Boche evidently broke through someway N of us near Merville as I spoke to a Corpl D.C.L.I. (under 153) later on & he said they had come in behind their line. Party captured was practically all Bde Hd Qrs, self. B.M., Drummond, Cummings, Simpson, McLean, Hutchings, Fleming Meakin.  The latter riding back, & Poobah servant badly wounded, carried back.  Passed through Paradis where we collected a French cart & put wounded in & dragged it along to 1st Dressing Station where wounded were left.  Then marched through Fosse to Pont du Hem.  Rested & had excellent cup Barley Broth.  Stayed 1 hour here then on via La Bassee road, our old front.  Corpl Alfhousen, marching ahead, not knowing where he was going.  So we with aid of B.M.’s map, guided ourselves across old trenches to Bois-de-Biez & there to Illies & on to Marquillies. (19 miles).  Behind B de Biez Alfhouse shopped & we all had drink of Soda Water from a Field Factory.  Arrived Marquillies about 7.30 p.m.  Spent night in cages.  Officer in charge most kind, gave self, Berney-Ficklin & Drummond a shake down in his quarters & food & noisy night, some 700 Portuguese prisoners chattering all night.  Bombs dropped throughout night.


April 13th.
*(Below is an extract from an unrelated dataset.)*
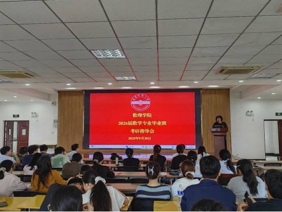 9月30日,英国正版365首页在401报告厅举办数学类专业2026届毕业生考研指导会。英国正版365首页院长助理陈文兵、数学系主任舒阿秀、信息计算科学系主任吴超云、统计系主任程文韬、学科数学硕士点负责人马宗立、信息计算教研室主任龙永尚、数学类专业2026届考研学生参会。会议由舒阿秀主持。

Marched Lille (10 miles) starting 9 a.m. only officers & servants.  French inhabitants gave us coffee in Haubourdin: tiring dusty march, much traffic on roads: arrived about 1 p.m.  Self B.M. & D sent to officers quarters in a room holding 5. 3 turned out for us Lt. Col Martin Lan Fus.  Major Jackson E Yorks, our 2 other companions couldn’t face the consisting of stew.  Comdt a Lieut, quite an intelligent little fellow, & doing his best for us.  6 p.m. evening meal.  Coffee &brown bread & jam.  Lights out 9.30.  Slept well on a hard bed but 2 blankets.


April 14 Sunday. Breakfast 8.30 a.m. coffee & remains of bread, read & slept till our half hours exercises about midday – round the Arsenal Square.  Orderly bought us cigars 50 for 25 Mk., soap one cake 7 Mark! Toothbrush 3 Mks, & toothpaste in tube 2/80.  Changed all French & English money in Marks.

Dinner same stew, which I cannot eat, so picked out some potatoes. ½ hour walk again in afternoon: orderly produced 5 bottles lemonade cheap. Jackson left after breakfast and Somerville (S.W.B.) came in his place – Bed by 9 p.m.


Monday 15th.  Orderly made good fire at 8 a.m. & we were able to toast the brown bread which improved it greatly – coffee at breakfast had same taste as stew, so drank lemonade.  Orderly brought 5 slices of white bread at 2 marks a slice!  Couldn’t produce biscuits from Red Cross – towels, soft soap, & handkerchiefs.  Informed that self Berney-Ficklin & Drummond are going this afternoon with escort of an officer by 2 p.m. train.  Remainder evidently go together 30 British & 20 Portuguese officers.  Martin left about 12.30 p.m.  Barber came & shaved us all.  Feel more like gentleman today.  Left Lille at 2.10 p.m. passed Orchies, St. Amand – Valenciennes (4.15 p.m.) Aulnoye (6.25 p.m.) where we halted till 10.30 p.m.  All huddled up in a waiting room which luckily had a fire and we were able to get a glass of beer!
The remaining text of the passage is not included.